While the issue of SMSF members meeting their minimum pension payments has received much attention since the new super rules commenced, the overpayment of pension income is equally as crucial an area to monitor, a specialist industry law firm has warned.
“The problem is succinctly this: any pension payment above the minimum is going to diminish your pension capital without a corresponding restoration of your cap space,” DBA Lawyers senior associate William Fettes said.
“Even though the transfer balance cap system started life as a balance cap – it tested everything that was tax-free, retirement phase immediately before 1 July this year – now that we’re in the regime, it’s actually a transfer cap so it only tests inputs and outputs, or static credits and static debits where fluctuations in market values and balances is not going to affect that.
“It’s truly its namesake, ‘transfer balance cap’.
“This means that pension overpayment is actually a risk and it does need to be carefully managed.”
Fettes said a realistic outcome of this risk was capital erosion over time.
“That just means where ordinary pension payments are made above the minimums, slowly we are reducing our pension capital,” he noted.
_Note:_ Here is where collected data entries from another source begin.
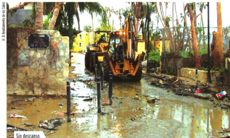
H. II Ayuntamiento de los Cabos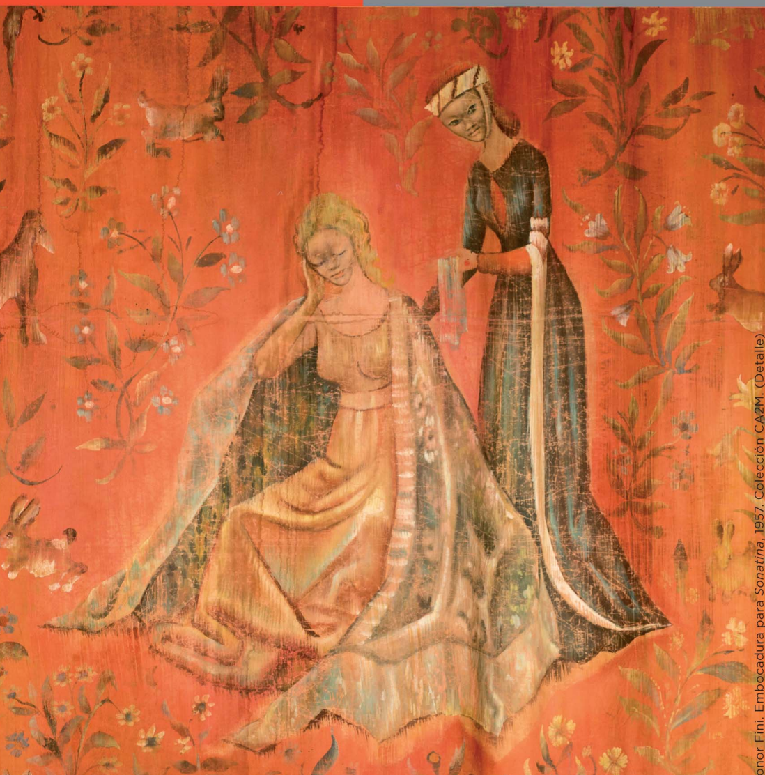
onor Fini. Embocadura para Sonatina, 1957. Colección CA2M. (Detalle)

CULTURA COMUNIDAD DE MADRID #expo_Lationoamérica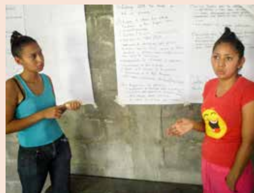
Red de Jóvenes de la colonia Mary Flakes de Flores.

“And if we keep paying above our minimums, it will get out of whack and the only way to deal with that is through compensatory growth.”
He pointed to the Class “June SMSF Benchmark Report”, which found the average SMSF pensioner withdraws about $74,000 annually over a series of 12 transactions.
In addition, the average SMSF pensioner overdraws $24,000 above their minimum, or 32 per cent of their average annual payments.
“That’s quite interesting because it does indicate that this is a real problem, at least with the current behaviour, so if it were to continue for most clients this is going to be an issue,” Fettes warned.